I wish he could tell me all he remembers and knows about our home before he came to live with me. Sometimes when he is sleeping or zoning out I wonder what he is thinking or if his little spirit can still go back and forth?! He is just so perfect! He has smiled a few times for us already and we are convinced its intentional because we have seen the gassy smiles to compare it too! He just started being more alert this week and really tracking and following us in the room. He got his first cold which is way sad but he has been so sweet! He can't breathe well when sleeping on back so the last two nights its just been he and I cuddling on the couch all night--ive loved it! He sleeps so soundly and peacefully in our arms. It is such an honor and a little scary at the same time that he relies so completely on us. I feel so privileged that our Heavenly Father entrusted his care to me and let me be his mom!
There has been one night that I was a mess. He had slept so well the first week and a half and this night he was fussy and uncomfortable which was so unlike him. He couldn't get comfortable even cuddling with me but didn't cry just kinda whimpered all night. I felt like he had a fever and Lance was already at work (his graveyard shift is even harder now that we have a baby:(-i miss him at night) I didn't know how to help him or what to do or if he was ok--he just stared at me and all i could do was cry. (Granted that is not that weird for me normally let alone being that I was only 1.5 weeks post delivery and emotions and hormones were out of control) but i just cried and rocked him all night, kind of intimidated by the whole mommy thing--at least one night like that is a right of passage to motherhood I'm sure. I thought to myself if i am this upset now and its probably just gas imagine when he ever really hurts himself or is sad or mad--i will be a MESS :)
Another night he would be sound asleep in my arms, i would gingerly lay him in his crib and sneak out of the room and then right when i would crawl into my nice cozy (never slept in) side of the bed the lights on his monitor would light up and he would be asking nicely for me to come back. Oh wait--thats every night his 3rd and 4th week:) but the first night he started his crib boycott I was frustrated and went in there about the 7th time and picked him up under his arms and held his face by mine and said "Ben- its night time, mom's tired, you NEED to go to sleep" in my most stern i love you-you're so cute and perfect whisper and he looked right at me and made the silliest guilty face and i couldnt help but laugh!

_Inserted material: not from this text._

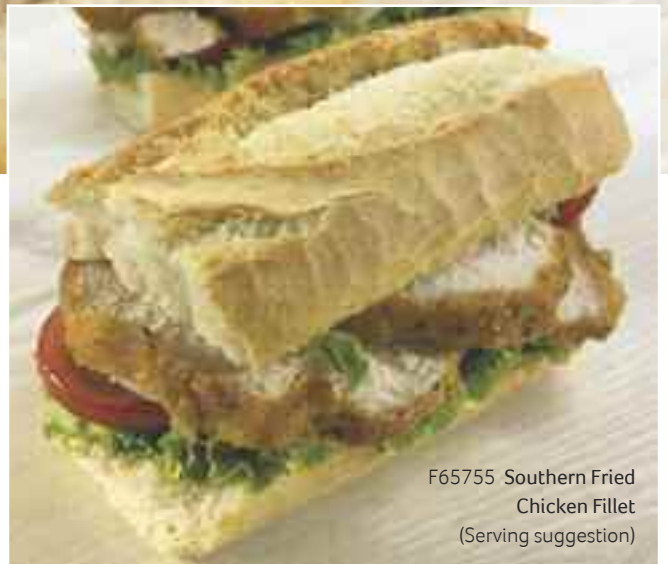
F65755 Southern Fried Chicken Fillet (Serving suggestion)

Made from 100% whole chicken breast with a crispy breadcrumb coating these two delicious fillets set a new standard in taste and quality. With recipe applications such as Burgers, Filled Baguettes, Subs, Wraps and even Salads ‘versatility’ really is at the heart of these two new products.

He is such a mellow fellow. Such a content and easy going temperament already. He really honestly hardly ever cries and when he does its simply to communicate something and as soon as we attend to him he stops immediately--we are so lucky! and he has a low cry--its just sad when he cries not annoying:) even at night he just whimpers and grunts (asking nicely) for us to come get him for like 10 min before he actually really cries to get our attention (only timed it once-i promise im not a mean mom:) and when he is up at night its just simply because he is awake and wants to hang out--i take my hat off to moms of colicky babies--knock on wood for #2:)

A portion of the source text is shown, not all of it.